A pilot ejected following the crash of a Lockheed F-35B Lightning II jet on a Texas runway Thursday.
Police responded at approximately 10:15 a.m. to emergency calls from both Naval police and Lockheed Martin saying that a fighter jet had crashed at Naval Air Station Joint Reserve Base Fort Worth and that the pilot had ejected, White Settlement, Texas, police chief Chris Cook said in a video shot by a local Fox affiliate.
“When we arrived, we were pleased that we didn’t see a big plume of smoke, nothing like that, so we felt like, ‘OK, thoughts and prayers with the pilot, maybe they’re going to be fine,’” Cook said in the video.
The crash occurred during a test flight, Fox 4 reported.
Footage posted to Twitter by a reporter for a local CBS affiliate shows the jet descend vertically, bounce once on the runway and then go nose-down. In the video, the pilot appears to eject shortly after the landing.
#Breaking New much clearer video, courtesy Kitt Wilder, of STOL variant F35 B model landing JRB Fort Worth, and pilot ejects.
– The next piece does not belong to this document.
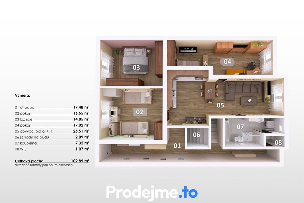 Dům tvoří vstupní chodba, prostorný obývací pokoj s vybaveným kuchyňským koutem, ložnice, dva další pokoje, koupelna se sprchovým koutem i vanou a samostatná toaleta. Součástí domu je také praktický suterén o ploše 27 m2, který je rozdělený na dvě sklepní místnosti a prádelnu. V roce 2005 prošel rekonstrukcí – nové podlahy, sanace omítek, nové zdivo i odvětrání do dvora. Díky tomu je dnes suchý a spolehlivě slouží k uskladnění nebo dalšímu využití. Další bonus představuje půda o rozloze 55 m2 s vysokými stropy. Lze ji využít nejen pro úložné potřeby, ale také přestavět na plnohodnotný obytný prostor – například dětské pokoje, pracovnu nebo útulný ateliér.
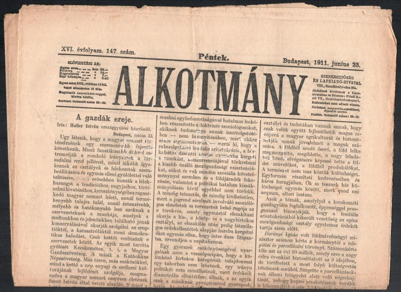 1911 Az Alkotmány c. folyóirat YVI. évf. 147. száma https://www.darabanth.com/de/477-Fernauktion/477.0/Kunst-Dokumente-andere-Sammelgebiete/Drucksachen~2000013/1911-Az-Alkotmany-c-folyoirat-YVI-evf-147-szama~II3246517

Condition of pilot still unknown. @CBSDFW pic.twitter.com/BeERIeyhtO
— Doug Dunbar (@cbs11doug) December 15, 2022
“We are aware of the F-35B crash on the shared runway at Naval Air Station Joint Reserve Base in Fort Worth and understand that the pilot ejected successfully,” Lockheed Martin, which has an F-35B assembly plant on the base, said in a statement Thursday, Fox 4 reported. “Safety is our priority, and we will follow appropriate investigation protocol.”
Details about the pilot’s condition weren’t immediately available. Cook told Fox 4 that the base sent firefighters and emergency responders to the scene.
It has not yet been confirmed to Marine Corps Times who owned the plane or if a military pilot was flying.
The F-35B is the variant designed for the Marine Corps. It has a short takeoff and vertical landing capability to land on Navy ships.
Over the summer, the Marine Corps, along with the Navy and Air Force, conducted investigations into whether the ejection seats in its F-35 fleet contained defective parts. As of August, the Pentagon had found only one F-35 ejection seat with a faulty part, and that was in the plane that prompted the investigations, Air Force Times reported.